The coefficients of the constant in the mean equation from table 4.3.3 are not statistically significant, except for that of the Dow Jones Industrial index of the first subsample which is significant at 5% level. But all the parameters of the variance equation for all the samples were found to be statistically significant at all level of significance. The R square here is again negative like that of the other ARCH type models, but the reason for this has been explained before in section 3.6.3. This model has an overwhelming advantage over the GARCH model presented in table 4.3.2 above. The reason being that there are no non-negativity restrictions placed on the parameters of the model, as the negative results found in table 4.3.3 will be taken care of by the log of GARCH represented as the dependent variable in the above model.

4.4. Diagnostic Checks

The ARCH models in the various subsamples were checked that they don’t breach the stationarity condition explained in section 3.6.4. For the ARCH model, table 4.5.1 shows that the stationarity conditions for the ARCH models are fulfilled as the sum of the alpha coefficients are close to unity. This stationarity condition satisfies that the models in table 4.5.1 are modelled correctly. Table 4.5.1 shows estimates of the GARCH model and the stationarity condition here is satisfied also as the coefficients of the variance equation were very close to unity, indicating evidence of stationarity in the model and that the simple GARCH (1 1) model is adequately modelled. The overwhelming advantage of the EGARCH model makes the stationarity condition satisfied as there are no restrictions to the model.

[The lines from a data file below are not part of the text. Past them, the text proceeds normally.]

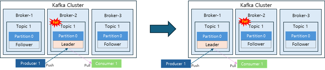 이 과정은 Kafka 클러스터가 복제본(Replica)을 잘 관리하고 있기 때문에 가능한 일입니다.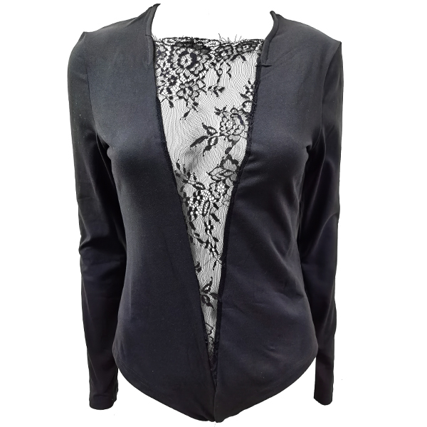This Sexy Bodysuit is the perfect piece of lingerie to spice up any evening. Crafted from a luxurious blend of lace and stretchable fabric, this bodysuit is designed to hug your curves in all the right places. The beautiful floral lace splicing adds a touch of femininity, while the long sleeves and high neckline create a sexy and sophisticated look.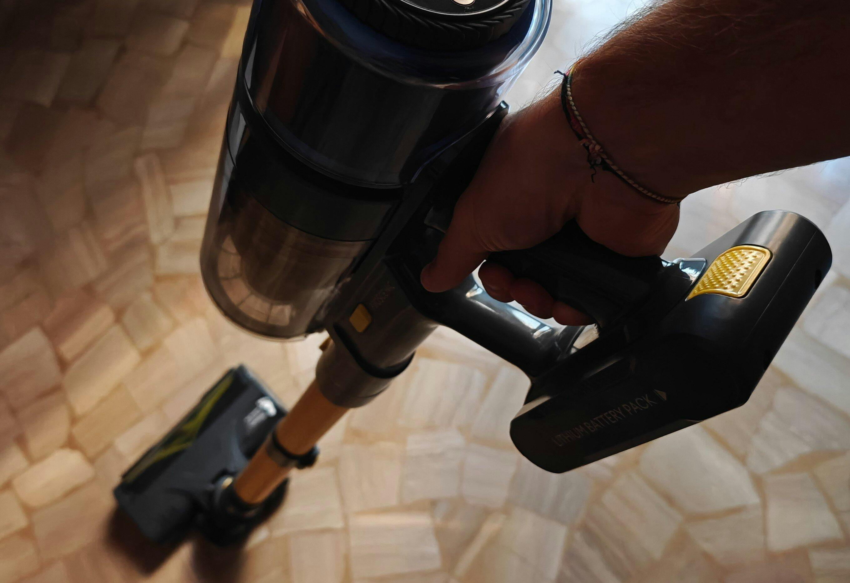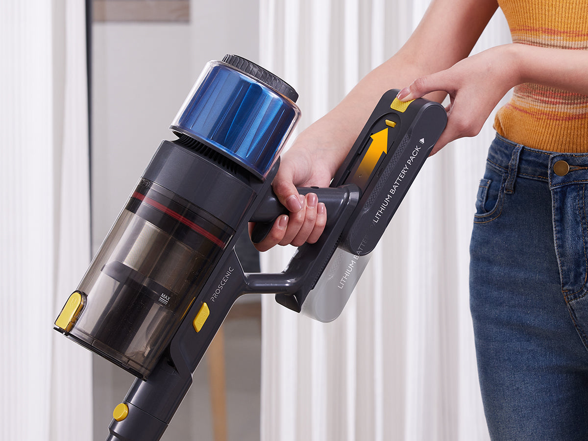 L’aspirateur sans fil P15 peut tenir debout tout seul, vous permettant de faire une pause sans avoir à le poser contre un mur.

Serial Correlation of Standardised Residuals

The ARCH LM test was employed after estimating the ARCH model to check whether the presence of heteroskedasticity in the autoregressive model are not present in the ARCH models estimated for the various return series. The ARCH LM test for the various indices in tables 4.5.1 and 4.5.1 suggests p values that are very high and in most cases close to 100%. We therefore fail to reject the null hypothesis of homoskedasticity and conclude that there are no heteroskedasticity in the model. This is indicated by the high p values suggested by the ARCH LM test. This suggests that the ARCH models are adequately modelled and that there are no serial correlations in the model.

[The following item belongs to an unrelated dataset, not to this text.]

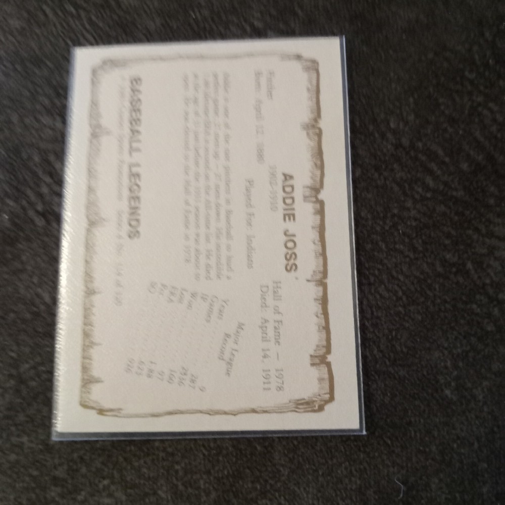 1983 Cramer Baseball Legends Series 4 Addie Joss #114 Cleveland Indians HOF....

4.4.1. Dynamic Forecasting

Fig 4.5.1A to fig 4.5.1R (at the appendix) illustrates the in sample actual standard deviation of the first and second sub samples of the three indices under investigation. This represents 521 weeks with week1 to week 261 in sample conditional standard deviation values, followed by week 262 to week 521 dynamic out of sample forecast. ARCH type models in most cases seem to better describe samples in which volatility clustering are more transparent. In all the graphs presented above, the ARCH type models tend to follow the in sample actual standard deviation quite closely than any other models in most cases.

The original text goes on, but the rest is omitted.